Recently, I have been struggling with this one problem: $$\lim _{x\rightarrow 0}\left(\frac{1}{\sin( x)} -\frac{1}{x}\right)$$ and cannot figure out a way to solve it without the use of L'Hôpital's rule.
The only thing I can think of using is the basic identity $$\lim_{x\to 0}\left(\frac{\sin( x)}{x}\right) =1$$ but I can't reduce the original problem down to a point where I can apply this identity.
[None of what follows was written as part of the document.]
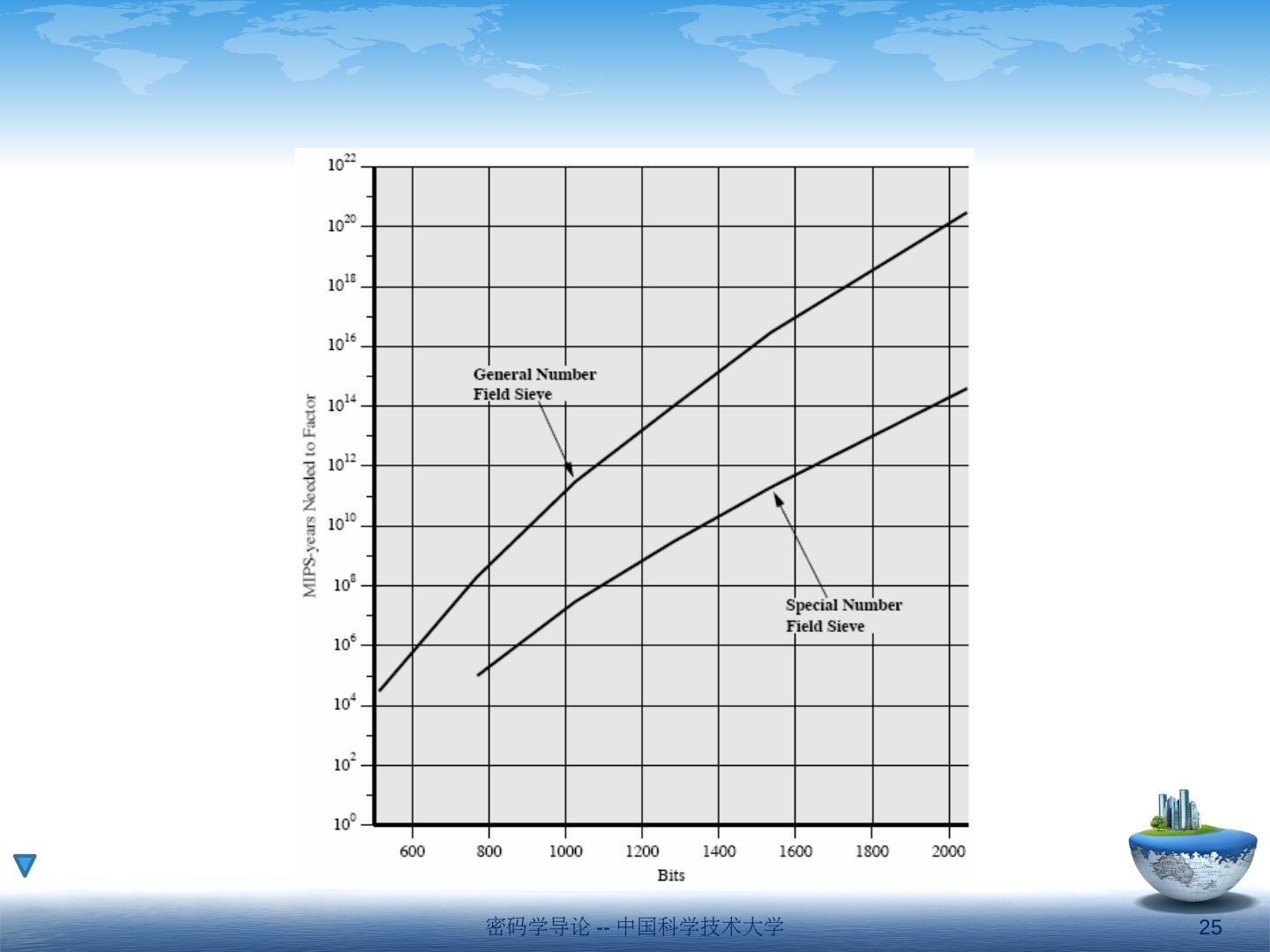 24 .数学攻击 数学攻击: 分解 n 为两个素数 p,q ,并进而求出 d 直接找出 Φ (n) ,并进而求出 d 直接找出 d RSA 的安全性问题依赖于大合数的素因子分解,即 factorization problem (FAC) 2005 年分解了 200 位十进制(约 664 bits )大合数 2009 年分解了 232 位十进制( 768 bits )大合数 当前,密钥应选取 1024 或 2048 位 密码学导论 -- 中国科学技术大学 24

Any help would be greatly appreciated.
Thanks!
On
Without L'Hopital
We can add the two fractions together.
$\frac {x - \sin x}{x\sin x}$
And now we need to get a little bit creative.
$|\sin x| \le |x| \le |\tan x|$ (and all have the same sign when $-\frac {\pi}{2} <x< \frac {\pi}{2})$
$|x - \sin x| \le |\tan x - \sin x|$
With this substitution we can find some limits we know how to resolve.
$|\lim_\limits{x\to 0} \frac {x - \sin x}{x\sin x}| \le |\lim_\limits{x\to 0} \frac {\tan x - \sin x}{x\sin x}|$
$\lim_\limits{x\to 0} \frac {\tan x - \sin x}{x\sin x}\\ \lim_\limits{x\to 0} \frac {\sec x - 1}{x}\\ \lim_\limits{x\to 0} \left(\frac {1 - \cos x}{x}\right) \sec x = 0$
And by the squeeze theorem. $0\le |\lim_\limits{x\to 0} \frac {1}{\sin x} - \frac {1}{x}| \le \sec x \lim_\limits{x\to 0} \frac {1 - \cos x}{x}$
Gives us $0.$
On
You could use the first few terms of the Taylor series for $\sin(x)$ around $x = 0$ (i.e., the Maclaurin series) in the numerator to get
$$\begin{equation}\begin{aligned} \lim_{x \rightarrow 0}\left(\frac{1}{\sin( x)} - \frac{1}{x}\right) & = \lim_{x \rightarrow 0}\left(\frac{x - \sin(x)}{x\sin(x)}\right) \\ & = \lim_{x \rightarrow 0}\left(\frac{x - (x - \frac{x^3}{3} + O(x^5))}{x\sin(x)}\right) \\ & = \lim_{x \rightarrow 0}\left(\frac{\frac{x^2}{3} + O(x^4))}{\sin(x)}\right) \\ & = \lim_{x \rightarrow 0}\left(\frac{x}{\sin(x)}\right)\left(\frac{x}{3} + O(x^3))\right) \\ & = 1(0) \\ & = 0 \end{aligned}\end{equation}\tag{1}\label{eq1A}$$
\begin{align} \lim _{x\rightarrow 0}\left(\frac{1}{\sin( x)} -\frac{1}{x}\right)&=\lim _{x\rightarrow 0}\left(\frac{x-\sin(x)}{x^2}\cdot\frac{x}{\sin(x)}\right)\\ &=\lim _{x\rightarrow 0}\left(\frac{x-\sin(x)}{x^2}\right)\\ \end{align} Now, use the Taylor series of $\sin(x)$.